ドライバーは楽しくても、後席から「ちょっと酔った……」の声。せっかくの家族ドライブが台なしだ。新型日産エルグランドは、同乗者の快適性を優先した「コンフォートモード」を新開発。大きく重いミニバンの動きを、どこまで穏やかにできるのか?
文/写真:ベストカーWeb編集部
【画像ギャラリー】モードもこんなにある!! しかも切り替えはブラインド操作でイケる(7枚)画像ギャラリー加減速と車体の揺れをまとめて穏やかに!
新型エルグランドには、「コンフォート」「エコ」「スタンダード」「スノー」「スポーツ」「パーソナル」という6種類のドライブモードが用意される。そのなかでコンフォートは、日産が「ドライバーも同乗者もより快適にくつろげるモード」と説明する、新型ならではの設定だ。

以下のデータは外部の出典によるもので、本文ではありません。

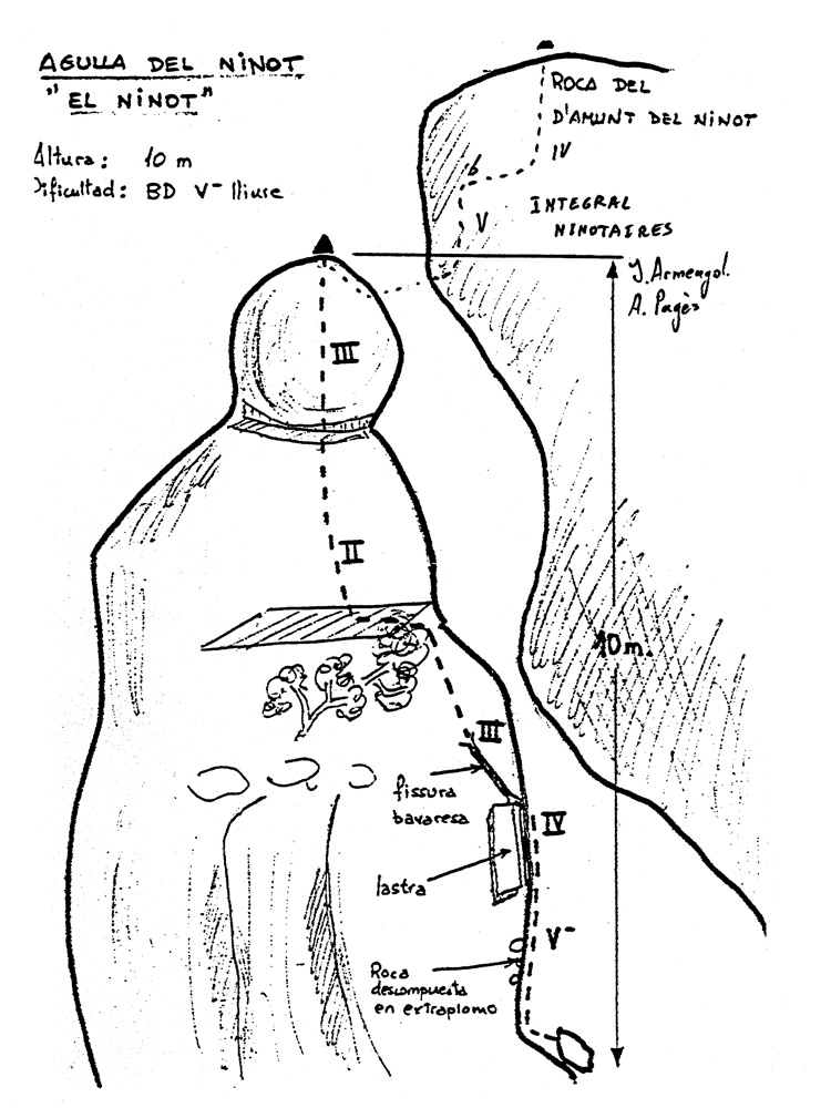 L'agulla del Ninot i el conjunt de roques que l'envolten es troba a la capçalera de la Canal de la Pedrera, una vall poc transitada discretament oculta al vessant nord del morro de Sescorts. Al seu altre vessant hi destaca la cinglera sud de la Pedrera, perfectament arrenglerada que malgrat comptar amb bona roca no coneixem de l'existència de cap via d'escalada.
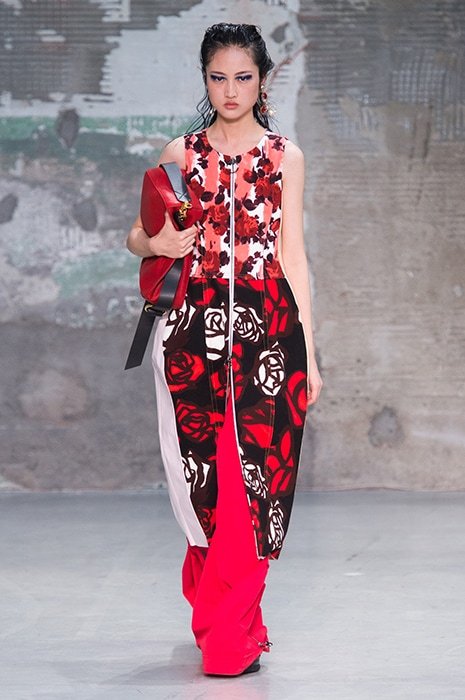 Смешение тканей и фактур, типичные для итальянского Дома, яркие цвета и цветочные принты стали основными мотивами весенней коллекции, а акценты – на прозрачные ткани и пальто из цветной норки.

一般的なドライブモードは、アクセルを踏んだ際の反応やステアリングの重さを変え、ドライバーの気持ちよさを高めるものが多い。対してコンフォートモードの主役は、むしろ助手席や後席の乗員。加減速や操舵などの特性を乗り心地優先へ切り替え、身体が前後左右へ急に振られにくい走りを狙っている。

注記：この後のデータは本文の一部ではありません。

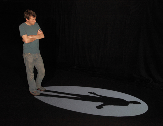 Tão natural quanto a luz do sol, a sombra de uma pessoa, antes uma companhia constante, agora muitas vezes escapa da atenção. Uma silhueta de nossa forma física, a sombra nada mais é que uma redução chapada e desencarnada dos contornos de alguém. A instalação “skia” examina a ação recíproca de nossas sombras e de nossa percepção consciente de nosso deslocamento físico no espaço. Nesta instalação em circuito fechado, imagens do visitante são manipuladas e projetadas como sombras artificiais. O que significa se a sombra de alguém de repente se liberta e ganha autonomia? E o que essa separação tem em comum com as múltiplas identidades do ego pós-moderno? Construção e função: Se uma pessoa se movimenta dentro da instalação, ela é detectada por uma câmera infravermelha. Essa imagem é processada e manipulada por um programa de software elaborado em openframeworks (framework baseado em C++) com implementação opencv. A imagem manipulada é projetada como uma sombra artificial adulterada por um projetor de vídeo. Se a pessoa continua andando, a silhueta pessoal é projetada como uma sombra artificial em tempo real, mas se ela parar, a sombra toma uma forma diversa.

その土台となるのが、前後2基のモーターと4輪のブレーキを緻密に操るe-4ORCEだ。発進時には前後モーターの駆動力を適切に配分し、車体後部の沈み込みを抑制。アクセルを戻した際も前後輪でバランスよく回生することで、前のめりになる動きを抑える。
さらにインテリジェント ダイナミックサスペンションが、路面や走行状態に応じてショックアブソーバーの減衰力をリアルタイムで制御。細かな振動や大きな上下動に加え、車線変更やカーブで生じるふらつきも抑え、乗員の頭や身体を穏やかに動かすのだ。
酔い止め機能ではないが長距離移動には効きそう!
乗り物酔いは、目から入る情報と内耳で感じる身体の動きが一致しないときに起こりやすい。とりわけ後席では前方が見えにくく、加減速やカーブを予測しづらいため、運転している人より酔いやすい。

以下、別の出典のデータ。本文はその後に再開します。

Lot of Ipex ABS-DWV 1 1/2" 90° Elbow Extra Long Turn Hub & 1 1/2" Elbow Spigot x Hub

もちろんCOMFORTモードを選べば、誰もが絶対に酔わなくなるわけではない。乗り物酔いを治療したり、完全に防止したりする機能でもない。それでも発進、減速、旋回、路面からの入力を穏やかにし、乗員の身体が予想外に揺さぶられる場面を減らせれば、酔いや疲れの軽減には期待できそうだ。
ドライブモードの設定は、パワーをオフにしても記憶される。家族を乗せる機会が多いなら、乗るたびにCOMFORTへ切り替える必要がない点も便利だ。
電子制御サスペンションやe-4ORCEを、速く走るためだけでなく「乗せた人を疲れさせない」ために使う新型エルグランド。COMFORTモードは酔い止めの魔法ではないが、高級ミニバンにふさわしい“同乗者ファースト”のモードなのだ。